** Recorded data follows **

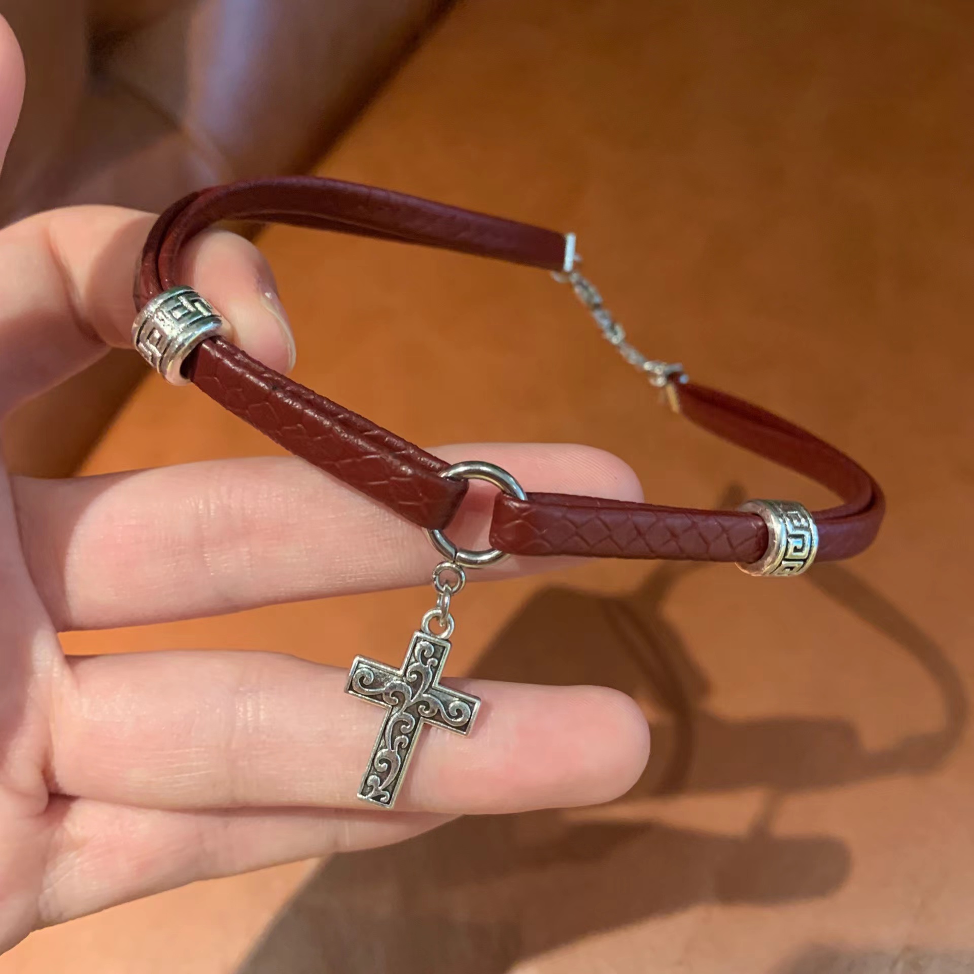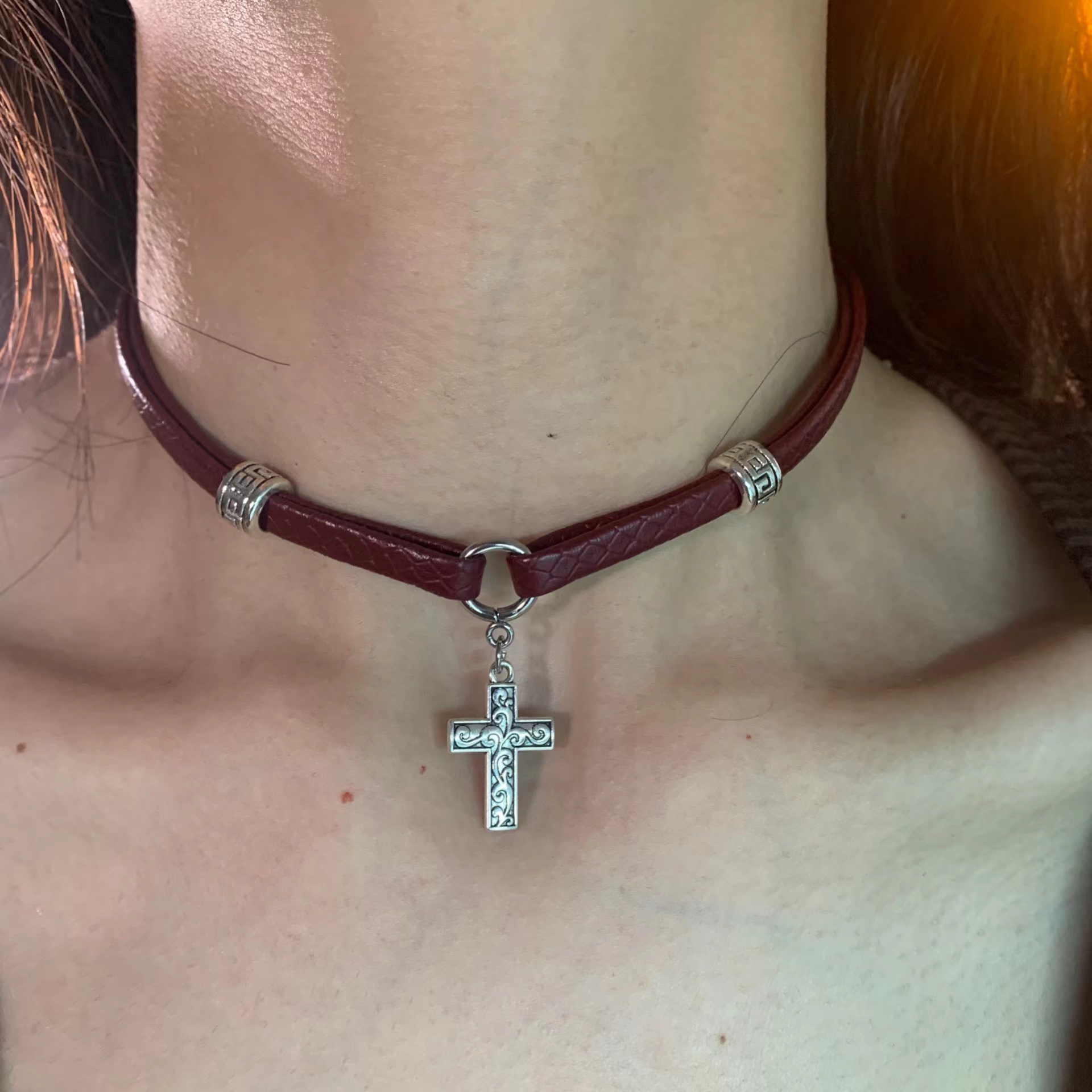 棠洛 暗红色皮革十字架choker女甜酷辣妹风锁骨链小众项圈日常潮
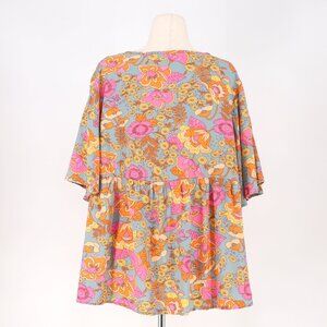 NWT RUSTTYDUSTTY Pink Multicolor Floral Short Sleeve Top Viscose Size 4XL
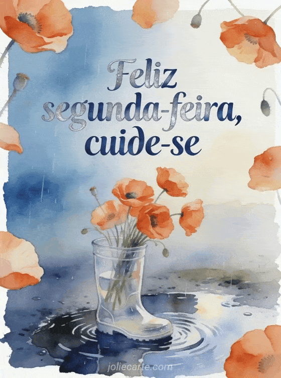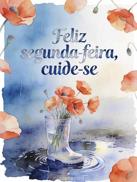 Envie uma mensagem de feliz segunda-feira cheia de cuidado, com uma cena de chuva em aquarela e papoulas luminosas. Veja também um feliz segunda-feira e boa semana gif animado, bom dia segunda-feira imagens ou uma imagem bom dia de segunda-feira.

** End of Recorded data **

#### Problem to work on:
Your job is to reproduce the material exactly. Keep pictures out of it.

#### Completed task:
 棠洛 暗红色皮革十字架choker女甜酷辣妹风锁骨链小众项圈日常潮
 NWT RUSTTYDUSTTY Pink Multicolor Floral Short Sleeve Top Viscose Size 4XL
 Envie uma mensagem de feliz segunda-feira cheia de cuidado, com uma cena de chuva em aquarela e papoulas luminosas. Veja também um feliz segunda-feira e boa semana gif animado, bom dia segunda-feira imagens ou uma imagem bom dia de segunda-feira.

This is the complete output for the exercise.